INFORMATION PROVIDED:
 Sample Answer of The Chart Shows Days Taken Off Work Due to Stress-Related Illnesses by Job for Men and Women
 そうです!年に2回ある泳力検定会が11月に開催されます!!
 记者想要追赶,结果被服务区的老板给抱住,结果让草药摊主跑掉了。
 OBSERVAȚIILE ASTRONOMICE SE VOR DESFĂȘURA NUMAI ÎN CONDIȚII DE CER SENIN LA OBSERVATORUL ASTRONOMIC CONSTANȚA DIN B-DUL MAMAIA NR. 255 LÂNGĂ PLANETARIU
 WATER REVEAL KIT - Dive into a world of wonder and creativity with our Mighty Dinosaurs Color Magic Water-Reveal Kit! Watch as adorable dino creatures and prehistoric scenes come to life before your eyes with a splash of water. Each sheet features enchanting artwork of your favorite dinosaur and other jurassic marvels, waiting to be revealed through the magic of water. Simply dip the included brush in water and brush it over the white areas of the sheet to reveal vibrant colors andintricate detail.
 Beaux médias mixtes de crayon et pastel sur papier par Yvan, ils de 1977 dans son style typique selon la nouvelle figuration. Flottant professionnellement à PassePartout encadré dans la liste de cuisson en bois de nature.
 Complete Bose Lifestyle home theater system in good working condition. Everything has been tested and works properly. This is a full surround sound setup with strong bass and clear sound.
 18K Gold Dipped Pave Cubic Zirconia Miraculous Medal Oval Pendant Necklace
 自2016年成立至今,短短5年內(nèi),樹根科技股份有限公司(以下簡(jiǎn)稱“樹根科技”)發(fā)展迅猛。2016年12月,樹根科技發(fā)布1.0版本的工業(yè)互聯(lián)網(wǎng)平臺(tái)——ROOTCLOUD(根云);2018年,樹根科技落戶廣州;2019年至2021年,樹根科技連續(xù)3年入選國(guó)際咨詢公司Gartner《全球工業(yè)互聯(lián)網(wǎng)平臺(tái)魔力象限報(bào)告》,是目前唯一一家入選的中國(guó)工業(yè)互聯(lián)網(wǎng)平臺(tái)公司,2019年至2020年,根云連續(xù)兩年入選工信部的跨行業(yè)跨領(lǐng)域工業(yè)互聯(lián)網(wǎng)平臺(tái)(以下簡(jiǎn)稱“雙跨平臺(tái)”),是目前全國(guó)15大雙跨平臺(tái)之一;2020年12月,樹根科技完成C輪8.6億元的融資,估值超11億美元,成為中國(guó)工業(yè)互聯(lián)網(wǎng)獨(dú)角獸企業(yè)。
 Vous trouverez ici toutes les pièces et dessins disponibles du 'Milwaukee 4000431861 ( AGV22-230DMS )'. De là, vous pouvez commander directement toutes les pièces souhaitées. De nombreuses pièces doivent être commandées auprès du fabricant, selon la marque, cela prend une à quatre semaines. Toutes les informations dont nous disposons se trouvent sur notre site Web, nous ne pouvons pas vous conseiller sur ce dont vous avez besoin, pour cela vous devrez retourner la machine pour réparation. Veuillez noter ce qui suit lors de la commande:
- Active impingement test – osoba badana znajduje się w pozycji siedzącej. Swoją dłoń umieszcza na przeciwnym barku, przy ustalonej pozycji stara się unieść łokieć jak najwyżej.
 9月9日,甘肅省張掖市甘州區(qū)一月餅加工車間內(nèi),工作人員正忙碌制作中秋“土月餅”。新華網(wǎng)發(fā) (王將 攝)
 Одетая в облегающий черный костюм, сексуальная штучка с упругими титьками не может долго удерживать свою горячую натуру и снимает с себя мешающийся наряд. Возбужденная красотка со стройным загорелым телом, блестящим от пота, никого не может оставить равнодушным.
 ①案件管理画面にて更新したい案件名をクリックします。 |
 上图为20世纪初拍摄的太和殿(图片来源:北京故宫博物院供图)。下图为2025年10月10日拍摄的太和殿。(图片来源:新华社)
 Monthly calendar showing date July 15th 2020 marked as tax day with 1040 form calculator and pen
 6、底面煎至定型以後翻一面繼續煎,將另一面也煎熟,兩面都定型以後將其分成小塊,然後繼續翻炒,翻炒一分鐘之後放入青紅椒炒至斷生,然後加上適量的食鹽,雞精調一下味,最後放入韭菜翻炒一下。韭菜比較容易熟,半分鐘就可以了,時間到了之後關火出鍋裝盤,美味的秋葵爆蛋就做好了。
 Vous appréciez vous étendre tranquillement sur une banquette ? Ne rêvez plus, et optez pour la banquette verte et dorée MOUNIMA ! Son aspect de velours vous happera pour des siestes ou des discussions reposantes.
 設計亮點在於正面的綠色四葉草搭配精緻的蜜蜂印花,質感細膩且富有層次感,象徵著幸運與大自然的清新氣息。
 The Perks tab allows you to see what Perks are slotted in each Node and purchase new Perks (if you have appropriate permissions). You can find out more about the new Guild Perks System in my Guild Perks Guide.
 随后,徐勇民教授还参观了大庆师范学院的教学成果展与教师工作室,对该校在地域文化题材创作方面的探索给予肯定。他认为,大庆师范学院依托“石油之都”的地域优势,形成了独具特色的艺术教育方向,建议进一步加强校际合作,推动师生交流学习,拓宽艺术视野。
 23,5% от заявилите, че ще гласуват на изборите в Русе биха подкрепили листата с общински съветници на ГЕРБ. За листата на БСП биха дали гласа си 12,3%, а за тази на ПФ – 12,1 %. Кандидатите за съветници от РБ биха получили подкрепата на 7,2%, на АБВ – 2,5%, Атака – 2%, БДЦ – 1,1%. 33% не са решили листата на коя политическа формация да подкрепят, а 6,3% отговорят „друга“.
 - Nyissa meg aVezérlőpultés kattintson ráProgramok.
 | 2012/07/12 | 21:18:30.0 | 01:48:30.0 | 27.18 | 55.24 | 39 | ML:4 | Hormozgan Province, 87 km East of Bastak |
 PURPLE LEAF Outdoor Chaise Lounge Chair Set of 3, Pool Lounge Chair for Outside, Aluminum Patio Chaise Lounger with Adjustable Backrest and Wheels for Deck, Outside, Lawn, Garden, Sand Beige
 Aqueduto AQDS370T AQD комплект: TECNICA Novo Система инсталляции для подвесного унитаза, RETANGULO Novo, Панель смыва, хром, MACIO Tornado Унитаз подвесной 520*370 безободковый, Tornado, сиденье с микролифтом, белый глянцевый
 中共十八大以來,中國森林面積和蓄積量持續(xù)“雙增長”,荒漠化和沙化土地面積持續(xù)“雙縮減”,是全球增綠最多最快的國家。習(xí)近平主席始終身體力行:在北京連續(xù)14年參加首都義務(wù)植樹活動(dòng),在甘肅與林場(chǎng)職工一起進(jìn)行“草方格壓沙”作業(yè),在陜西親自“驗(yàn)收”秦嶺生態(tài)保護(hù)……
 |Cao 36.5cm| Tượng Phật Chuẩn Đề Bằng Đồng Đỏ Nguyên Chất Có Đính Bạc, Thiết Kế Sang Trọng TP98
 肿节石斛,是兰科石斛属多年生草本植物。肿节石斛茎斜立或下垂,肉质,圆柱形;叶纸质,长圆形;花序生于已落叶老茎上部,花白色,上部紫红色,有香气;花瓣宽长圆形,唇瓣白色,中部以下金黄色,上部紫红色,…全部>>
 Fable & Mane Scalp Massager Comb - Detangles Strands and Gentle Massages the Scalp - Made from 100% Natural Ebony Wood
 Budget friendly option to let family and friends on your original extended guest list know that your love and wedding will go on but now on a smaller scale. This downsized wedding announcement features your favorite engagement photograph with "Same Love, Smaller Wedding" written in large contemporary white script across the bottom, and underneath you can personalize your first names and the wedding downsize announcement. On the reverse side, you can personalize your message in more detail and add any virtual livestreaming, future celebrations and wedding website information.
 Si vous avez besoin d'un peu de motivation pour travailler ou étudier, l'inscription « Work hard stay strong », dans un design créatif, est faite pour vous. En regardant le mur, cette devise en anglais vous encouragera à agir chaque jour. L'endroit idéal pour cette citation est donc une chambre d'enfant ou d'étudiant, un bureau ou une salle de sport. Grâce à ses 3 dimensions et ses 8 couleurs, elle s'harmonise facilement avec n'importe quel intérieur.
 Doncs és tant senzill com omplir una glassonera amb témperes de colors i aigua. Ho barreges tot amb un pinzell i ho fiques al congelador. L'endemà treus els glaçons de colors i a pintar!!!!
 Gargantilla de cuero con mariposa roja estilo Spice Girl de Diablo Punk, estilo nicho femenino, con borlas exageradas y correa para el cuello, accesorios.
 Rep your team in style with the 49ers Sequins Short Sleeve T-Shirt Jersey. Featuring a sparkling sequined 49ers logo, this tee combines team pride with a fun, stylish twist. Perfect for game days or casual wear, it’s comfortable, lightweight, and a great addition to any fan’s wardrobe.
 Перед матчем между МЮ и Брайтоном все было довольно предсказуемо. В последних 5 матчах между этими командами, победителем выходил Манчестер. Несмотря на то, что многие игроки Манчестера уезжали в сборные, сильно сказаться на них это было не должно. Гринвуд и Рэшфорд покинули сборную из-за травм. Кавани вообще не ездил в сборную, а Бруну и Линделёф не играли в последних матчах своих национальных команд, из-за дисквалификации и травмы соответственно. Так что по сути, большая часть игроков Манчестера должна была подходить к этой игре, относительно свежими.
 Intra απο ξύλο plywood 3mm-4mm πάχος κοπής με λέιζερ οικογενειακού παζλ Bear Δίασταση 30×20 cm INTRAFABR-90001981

WORK ITEM: Return the lines above that include the string "dans".

RESULT FOR THIS EXERCISE:
 Beaux médias mixtes de crayon et pastel sur papier par Yvan, ils de 1977 dans son style typique selon la nouvelle figuration. Flottant professionnellement à PassePartout encadré dans la liste de cuisson en bois de nature.
 Si vous avez besoin d'un peu de motivation pour travailler ou étudier, l'inscription « Work hard stay strong », dans un design créatif, est faite pour vous. En regardant le mur, cette devise en anglais vous encouragera à agir chaque jour. L'endroit idéal pour cette citation est donc une chambre d'enfant ou d'étudiant, un bureau ou une salle de sport. Grâce à ses 3 dimensions et ses 8 couleurs, elle s'harmonise facilement avec n'importe quel intérieur.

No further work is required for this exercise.